We tested the Perloff conjecture as it applies to fast-food and full-service restaurants. Our hypothesis was that fast-food visits initially increase with family income but ultimately reach a peak and then begin to fall (ie, fast-food visits and income display an inverted “U” shape when income is measured along the horizontal axis). We also hypothesize that full-service visits and income display a monotonically increasing relation; an upward sloping line or curve.
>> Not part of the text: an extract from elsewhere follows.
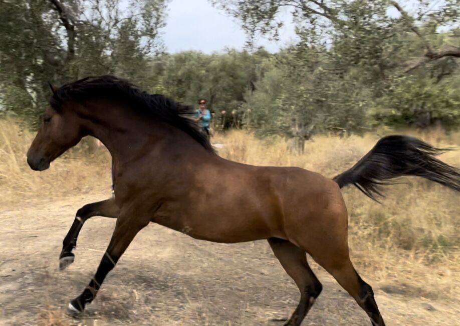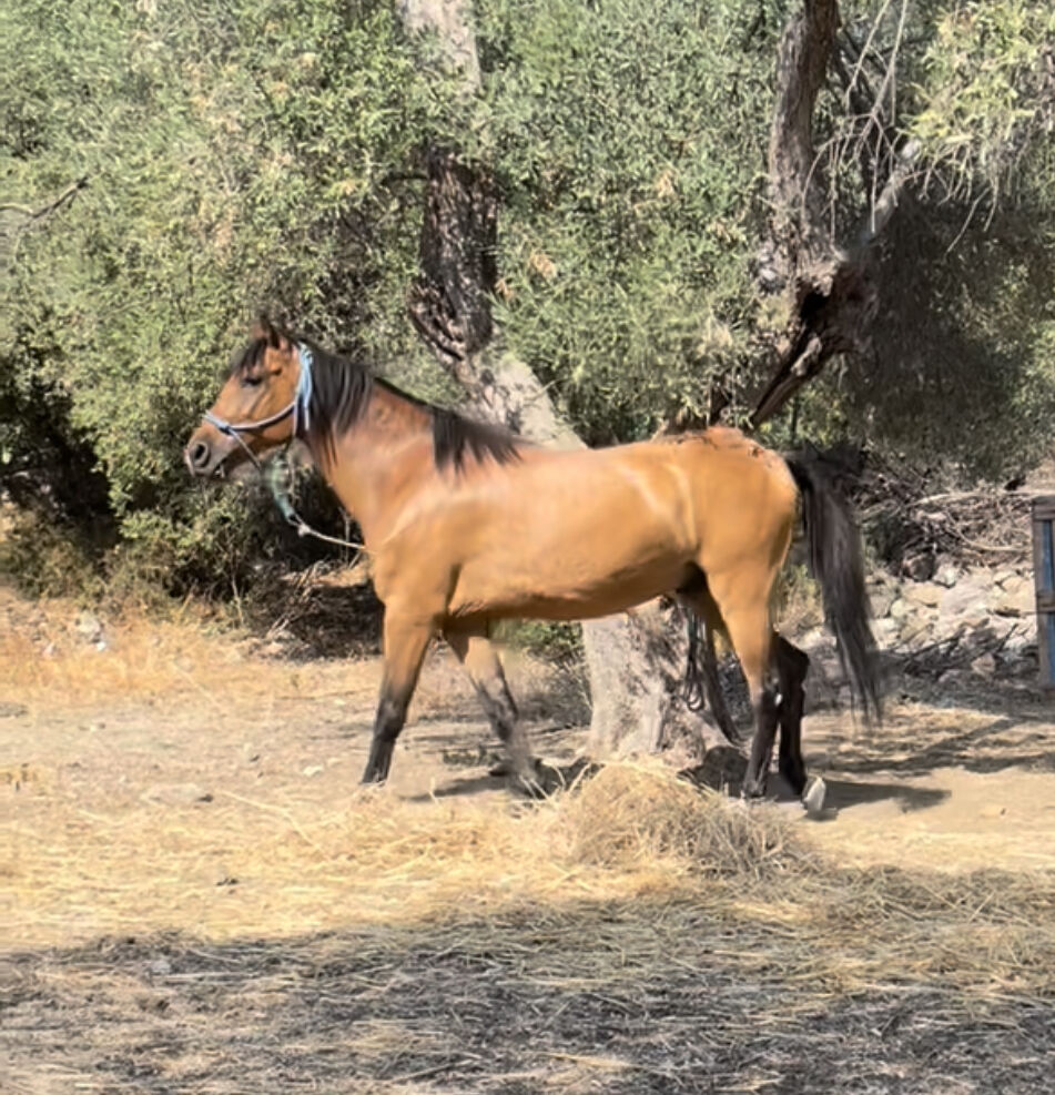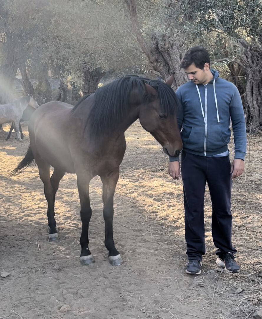 Han är en blandning av engelskt fullblod (ca 40 %) och grekisk aravaniponny.

To test our hypothesis, we used an innovative regression technique: the zero-inflated negative binomial model. Our dependent variables were “count” data (ie, data that take on values such as 0 visits, 1 visit, 2 visits). In addition, a disproportionate number of our data points (observations) were zeros. For data like these, linear regression generates inconsistent estimates. The zero-inflated negative binomial is designed precisely for data with these characteristics and provides consistent estimates.
Methods
Data
Data were drawn from the 1994-1996 Continuing Survey of Food Intakes by Individuals (CSFII) and the accompanying Diet and Health Knowledge Survey (DHKS). 12 The CSFII collected information on foods eaten, nutritional content, and where foods were obtained, for a nationally representative sample of US noninstitutionalized persons (n = 16,103). The dietary data consisted of 2 nonconsecutive days (3 to 10 days apart) that were collected between January 1994 and January 1997 during in-person interviews in the respondent's home, using 24-hour recall. The DHKS was a follow-up telephone survey with a subsample of 5765 adults, 21 years of age or older. The DHKS contained information about respondents' knowledge and attitudes toward dietary guidance and health. 13 Our sample was restricted to 4972 subjects, 21 years of age or older, who had complete information in the DHKS on the variables we required. Dependent variables measured number of visits (most frequently 0, 1, or 2) to either full-service or fast-food restaurants. Following Binkley, 10 we used visits to represent complete meals.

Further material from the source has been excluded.